Звуки информируют нас о происходящих событиях. В то время как зрение и осязание позволяют нам обследовать стационарную среду, слух сообщает нам только о движении и изменении. За некоторыми исключениями, подобными грому, естественные звуки всегда порождаются объектами, находящимися в движении. (Эхо – особый случай.) Вещи вибрируют, ударяются, трутся друг о друга. Мы слышим шаги и взмах крыльев, какой-то грохот или царапание, всплески и шлепки. Звук позволяет нам специфицировать происходящее. Сочетания звуковых волн, достигающих нашего
уха, столь же специфичны в отношении их принадлежности, а также местонахождения, характера движения и значения звучащих объектов, как и структура светового потока в отношении объектов, отражающих свет. Эта акустическая информация может быть собрана воспринимающим при условии, что он способен услышать ее, то есть если у него имеются соответствующим образом настроенные непрерывно аккомодирующиеся схемы, которые могут принять данную информацию при ее поступлении и подготовиться к восприятию того, что может поступить в следующий момент.
Если сказанное справедливо применительно к естественным звукам в целом, то это, видимо, справедливо и в отношении звуков речи. В них должна содержаться информация, но о чем?

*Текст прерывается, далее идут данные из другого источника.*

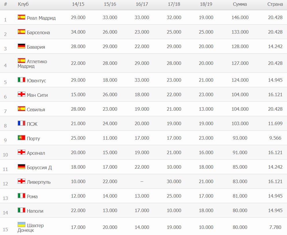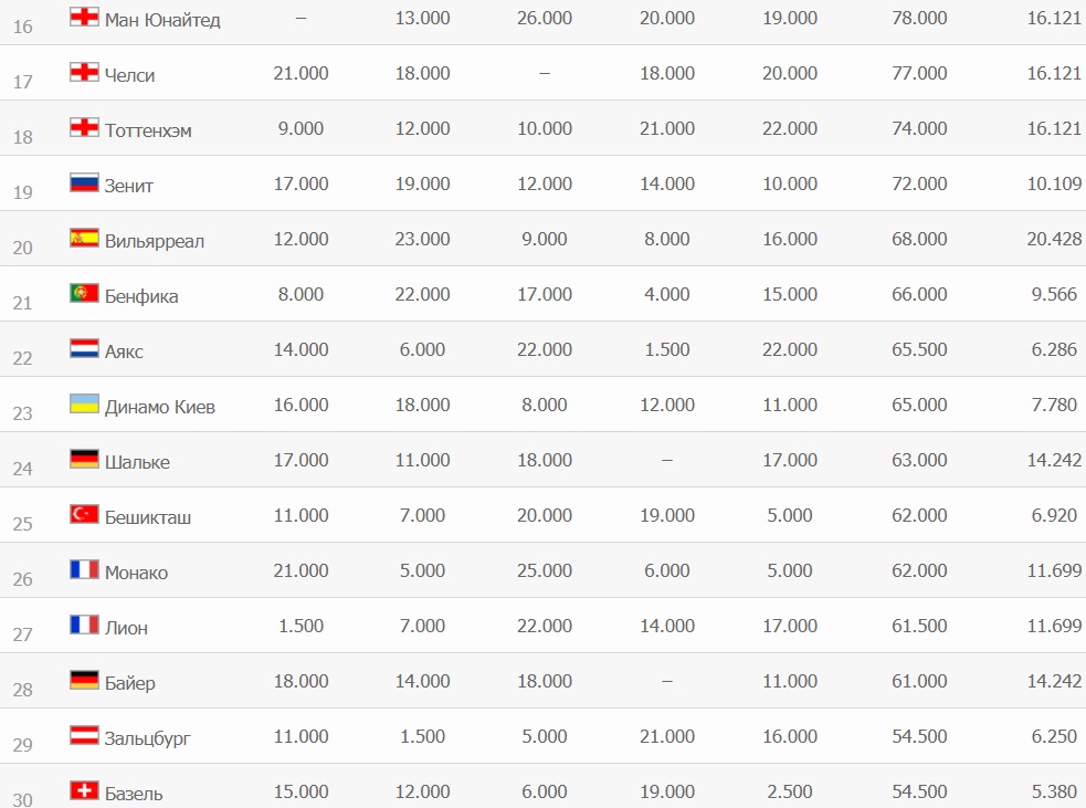 «Шахтер» пока занимает 15-е место, но еще может опуститься вниз. Обойти «горняков» могут три английских клуба: «Челси», «Манчестер Юнайтед» и «Тоттенхэм». Отметим, что лучшим достижением для «Шахтера» была 13-я позиция в клубном рейтинге УЕФА.

На этот вопрос можно дать два ответа, поскольку звуки речи информируют нас о двух разных классах событий. К первым относятся те предметы, о которых сообщает говорящий. Речь, безусловно, содержит информацию об этих предметах – в этом ее первичная функция. Ко вторым (а в онтогенетическом плане об этом надо говорить в первую очередь) относятся те физические события, благодаря которым происходит порождение самих звуков речи. Эти события ни в коей мере не являются загадочными; целая отрасль науки – артикуляционная фонетика – занимается их изучением. Звуки речи порождаются движением некоторых анатомических структур, расположенных во рту человека и известных под названием артикуляционных органов (или артикуляторов); это прежде всего язык, щеки и губы.
Разумеется, это слишком упрощенное представление. На самом деле источник звука находится ниже в голосовом тракте: началом звучания является вибрация голосовых связок при прохождении через них выдыхаемого воздуха. К тому времени, однако, когда воздух выходит через рот наружу, он уже обладает некоторой «структурой» в результате изменений в конфигурации артикуляторов, что в свою очередь является прямым следствием мышечной активности говорящего. Говорить – это значит совершать тонкие произвольные движения некоторыми частями своего тела, в результате чего информация об этих движениях поступает
в окружающую среду. По этой причине речевые движения называют иногда артикуляционными жестами.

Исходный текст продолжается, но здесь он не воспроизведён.